EXEMPLO 5 - Efeitos do Inhibitor TGF- β, 1D11, na preservação do miocárdio em um modelo de roedor de isquemia do miocárdio seguida por reperfusão [00195] A administração de 1D11, um inibidor de TGF-β, fibrose reduzida, preservada miocárdio e função cardíaca melhorada em duas doses diferentes. No Dia 0, a artéria coronária esquerda ascendente foi ligada durante 60 minutos e, em seguida, libertado para permitir a reperfusão (I / R). No dia 5, as duas doses diferentes (1 ou 5 mg / kg) de uma quer de duas formulações diferentes de 1D11 (primeira e segunda formulações), veículo, e 13C4 (anticorpo negativo de controle) foram administrados por meio de IV e continuou a cada 3 dias até o dia 28.

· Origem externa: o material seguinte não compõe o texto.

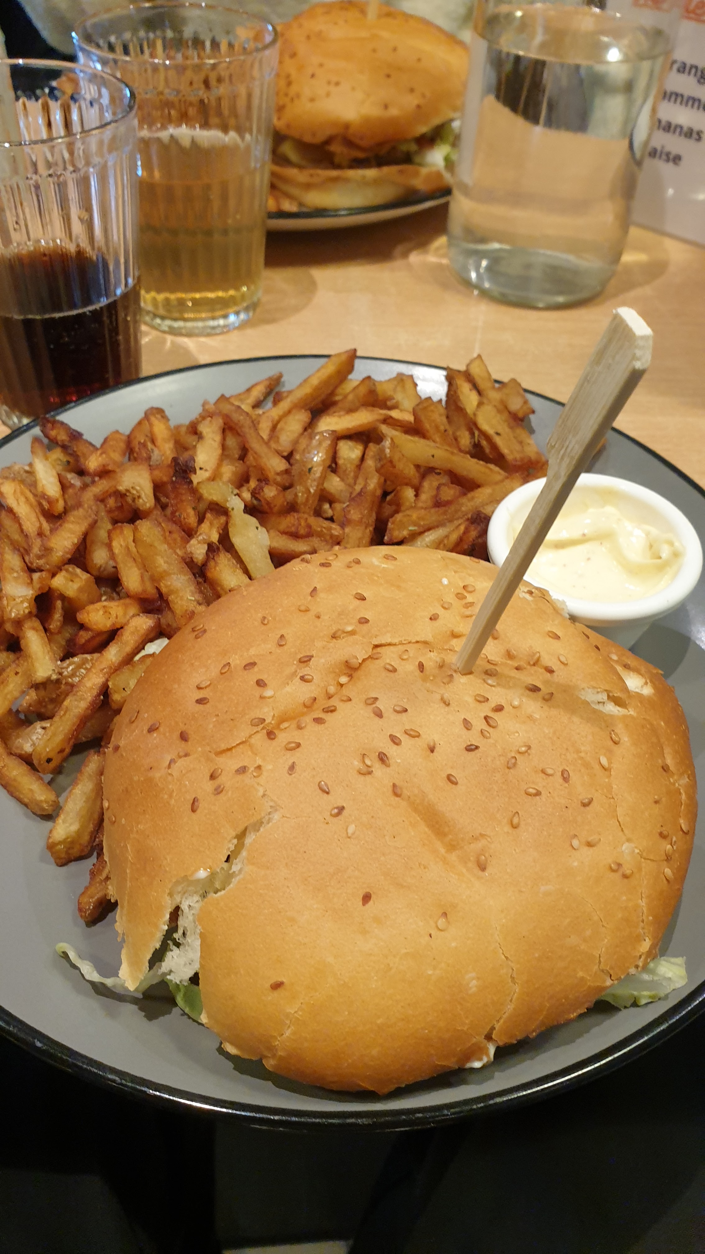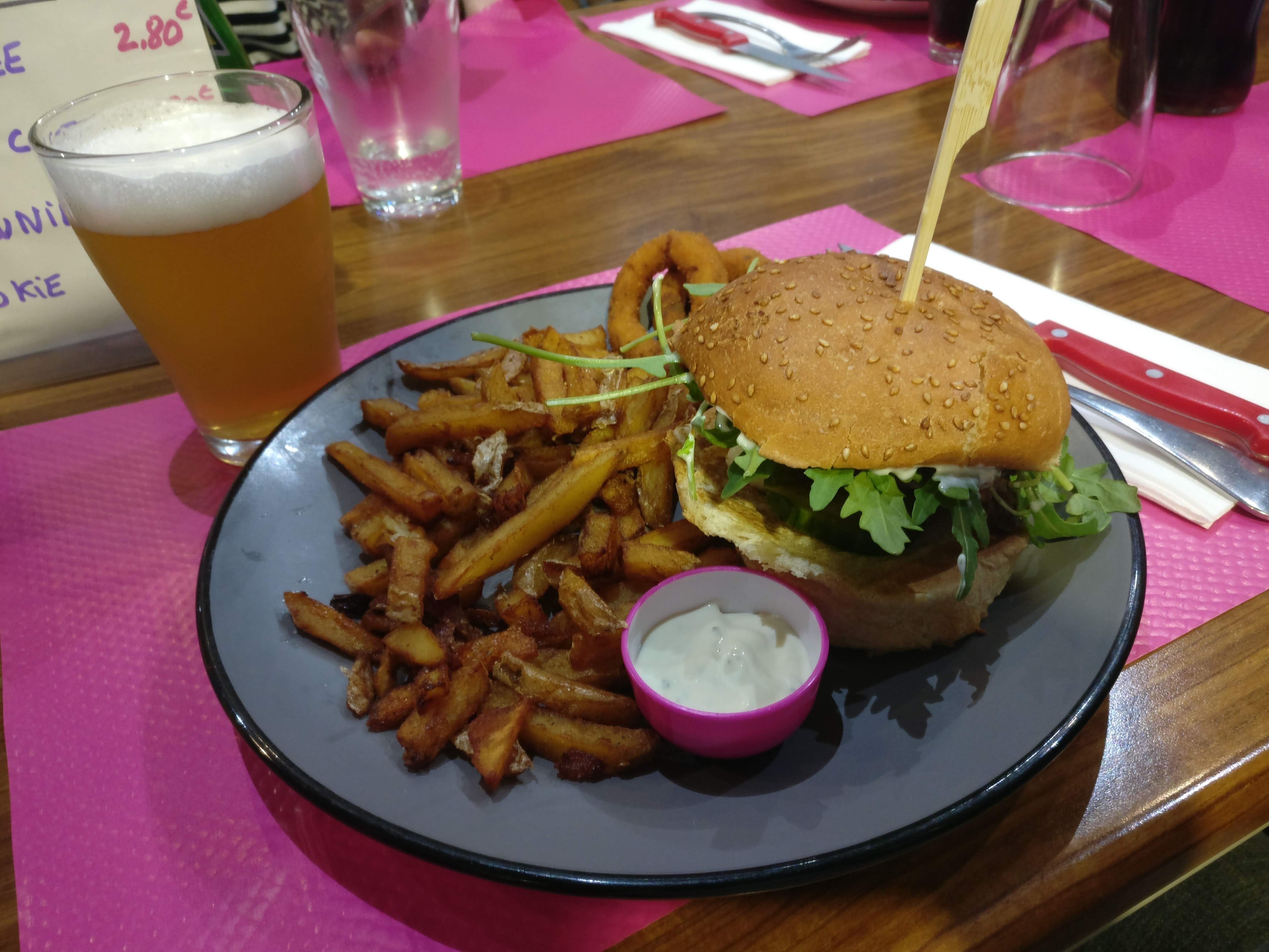 Quel plaisir de pouvoir manger un burger vegan qui soit aussi bon ! C'est vraiment une bonne idée de proposer différents choix de garnitures et de sauce (pour ma part caviar d'aubergines, champignons, poivrons, sauce barbecue), je me suis régalée ! Les frites sont excellentes également : frites maison (ça se sent !) et surtout pas recouvertes de sel comme on le voit hélas trop souvent.

[00196] A fim de analisar a área em risco, microesferas de 15 micron de diâmetro que foram marcados com um fluorocromo amarelo foram injetadas no LV do coração. Isso foi feito imediatamente antes de liberar a ligadura temporária da artéria descendente coronária esquerda. As microesferas foram distribuídas homogeneamente no sangue e alojadas nos capilares do coração e de outros órgãos e tecidos. A AAR no coração foi definida como a área do tecido do miocárdio, que não recebeu qualquer microesferas (ou do sangue), durante o período de ligação.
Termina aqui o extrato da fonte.